For a long time, scientists believed that Mars’s two moons, discovered in 1877, were captured asteroids. However, since their orbits are almost in the same plane as Mars’s equator, that the moons must have formed at the same time as Mars. But the orbit of the smaller, more distant moon Deimos is tilted by two degrees.
“The fact that Deimos’s orbit is not exactly in plane with Mars’s equator was considered unimportant, and nobody cared to try to explain it,” says lead author Matija Ćuk, a research scientist at the SETI Institute. “But once we had a big new idea and we looked at it with new eyes, Deimos’s orbital tilt revealed its big secret.”

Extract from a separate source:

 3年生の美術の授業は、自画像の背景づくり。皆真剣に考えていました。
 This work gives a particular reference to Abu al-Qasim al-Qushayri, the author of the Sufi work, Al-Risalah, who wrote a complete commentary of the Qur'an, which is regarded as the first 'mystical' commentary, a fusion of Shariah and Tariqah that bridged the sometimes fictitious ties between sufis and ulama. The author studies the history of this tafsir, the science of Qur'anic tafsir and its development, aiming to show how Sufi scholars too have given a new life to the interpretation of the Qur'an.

This significant new idea was put forward in 2017 by Ćuk’s co-author David Minton, professor at Purdue University and his then-graduate student Andrew Hesselbrock. Hesselbrock and Minton noted that Mars’s inner moon, Phobos, is losing height as its tiny gravity is interacting with the looming Martian globe. Soon, in astronomical terms, Phobos’s orbit will drop too low, and Mars’s gravity will pull it apart to make a ring around the planet. Hesselbrock and Minton proposed that over billions of years, generations of Martian moons were destroyed into rings. Each time, the ring would then give rise to a new, smaller moon to repeat the cycle over again.
This cyclic Martian moon theory has one crucial element that makes Deimos’s tilt possible: a newborn moon would move away from the ring and Mars. Which is in the opposite direction from the inward spiral Phobos is experiencing due to gravitational interactions with Mars. An outward-migrating moon just outside the rings can encounter a so-called orbital resonance, in which Deimos’s orbital period is three times that of the other moon.
These orbital resonances are picky but predictable about the direction in which they are crossed. We can tell that only an outward-moving moon could have strongly affected Deimos, which means that Mars must have had a ring pushing the inner moon outward. Ćuk and collaborators deduce that this moon may have been 20 times as massive as Phobos, and may have been its “grandparent” existing just over 3 billion years ago, which was followed by two more ring-moon cycles, with the latest moon being Phobos.
This insight from a modest tilt of a humble moon’s orbit has some significant consequences for our understanding of Mars and its moons. The discovery of the past orbital resonance all but clinches the cyclic ring-moon theory for Mars. It implies that for much of its history, Mars possessed a prominent ring. While Deimos is billions of years old, Ćuk and collaborators believe Phobos is young as astronomical objects go, forming maybe only 200 million years ago, just in time for the dinosaurs.
These theories may be up for some serious testing in a few years, as Japanese space agency JAXA plans to send a spacecraft to Phobos in 2024, which would collect samples from the moon’s surface and bring them back to Earth. Ćuk is hopeful that this will give us firm answers about the murky past of the Martian moons: “I do theoretical calculations for a living, and they are good, but getting them tested against the real world now and then is even better.”
This research is presented at the 236th Meeting of the American Astronomical Society, held virtually on June 1-3, 2020, and is accepted for publication in the Astrophysical Journal Letters.